Dig a hole the size of a bushel basket and mix the removed soil with good quality compost. Replace the amended soil in the hole and dig a hole big enough to hold the root ball. Fill it with water and let it drain. Place the root ball in the hole, and bury it two to three inches deeper than it was planted in its pot. Fill around with the removed soil mixture and water again. Clematis thrive in well‐drained, fertile soil.

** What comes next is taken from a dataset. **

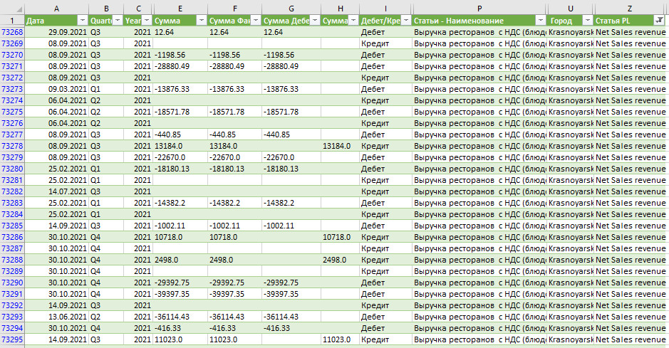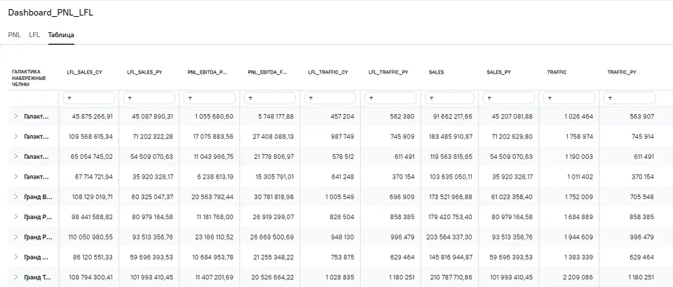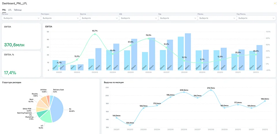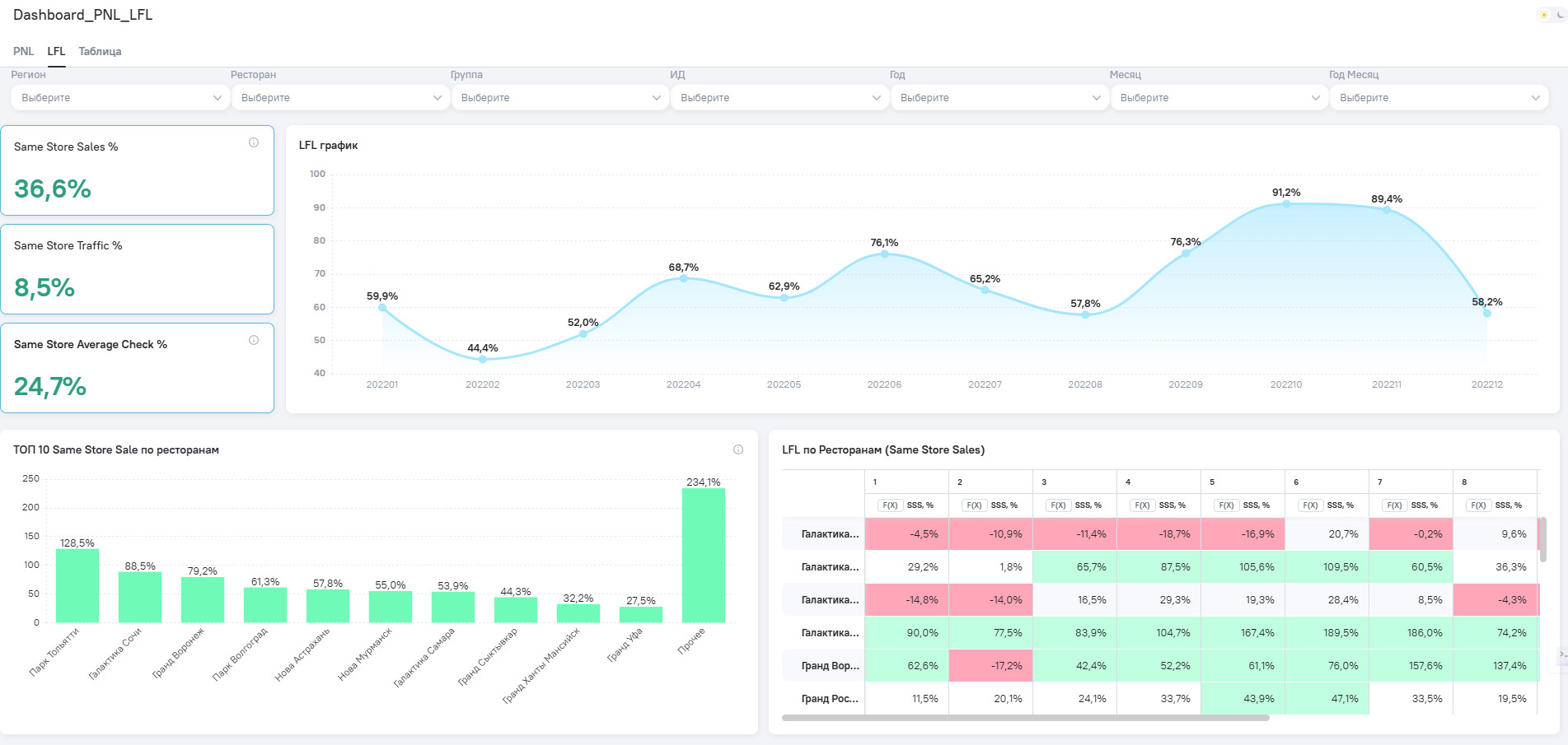 Вместо использования BI-решений, которые помогают автоматизировать аналитику, визуализировать данные и найти ценные новые ценные, большинство организаций продолжает использовать для отчетов сводные таблицы в Excel, мучительно сверять их вручную и получать некорректные результаты. Что лучше для аналитики: Excel или BI? Сравнение инструментов Низкое качество данных, недостаток анализа и давление сроков приводят к тому, что стратегические решения принимаются необдуманно, спонтанно и приводят к ошибкам. По опыту клиентов Qlever, около 20-35% всех данных в компании являются не актуальными и влияют на результаты итоговой статистики и принимаемые решения. Команда Qlever уже более 10 лет занимается внедрением корпоративных аналитических систем для крупных компаний в сфере ритейла, ресторанного бизнеса, производства, энергетики. Наши клиенты обращаются к нам с уникальными задачами, решение которых всегда лежит в работе с качеством данных и извлечении максимальной ценности из бизнес-информации. Ознакомьтесь с кейсами наших клиентов: Как автоматизация P&L отчетности помогла сэкономить до 1 млн.р./год Сотрудники крупной сети фастфуда вручную готовили PnL (Profit & Loss) отчетность для ресторанов, из-за чего управляющим на местах не всегда удавалось вовремя заметить точки падения показателей и предпринять меры. Автоматизация P&L-отчетности в BI помогла сети принимать управленческие решения на неделю раньше и сэкономила до 96 часов в месяц, что эквивалентно порядка 958 тысяч руб. затрат на оплату труда в год из расчета средней зарплаты финансового аналитика в Москве. Анализ доставки: как можно получать до 18–25 млн с помощью геоаналитики упущенных заказов Эксперты Qlever Solutions доработали delivery-приложение на базе BI для ресторанной сети, чтобы клиент мог оптимизировать зоны доставки, отслеживать причины упущенных заказов и ежемесячно брать в работу около 30–50 тысяч дополнительных заказов (18-25 млн руб). Как аналитика позволила контролировать товарные потери и снизить их до 3% Благодаря аналитике произошло снижение потерь до 3%, которое помогло сети супермаркетов приблизиться к достижению планов по маржинальной выручке. Объем потерь на уровне 3% от товарооборота является средним по отрасли FMСG. Другие проекты Qlever Solutions >> *** На онлайн-встрече BI-разработчик команды Qlever продемонстрировал наглядный пример того, как визуализация данных способствует более высокой скорости и точности принятия решений. Для этого рассмотрели аналитическое приложение, которое содержит визуализации двух часто используемых в фуд-ритейл отчетов: PNL и LFL. PnL (Profit and Loss) — отчет о доходах и расходах — один из ключевых отчетов о финансовой деятельности компании, который показывает ее операционную эффективность. Чаще всего на практике собирается вручную и представлен в виде большой сводной таблицы. Таблицу формируют в Excel или с помощью других инструментов, например, того же BI. Рассмотрите таблицы ниже. Удобно ли искать и анализировать представленную информацию? Автоматизация в BI позволяет представить те же самые данные с помощью визуализаций: графиков, диаграмм, интерактивных элементов. Правильно подобранные визуальные образы воспринимаются более однозначно, чем текст, что делает визуализации ключевыми для понимания и запоминания информации. Хорошая визуализация помогает сократить время по

Clematis roots need to be kept cool and moist, either by mulching with organic matter or by planting low‐growing perennials around the base of the vine. Keep the plant wellwatered for the first summer, at least an inch of water each week. In the early spring, scratch a cup of Rose Tone into the surface of the soil around the clematis and spread compost around the base of the plant, making sure to stay clear of the vines themselves. Do not fertilize once the plant begins to
flower, and do not add fertilizer in the fall.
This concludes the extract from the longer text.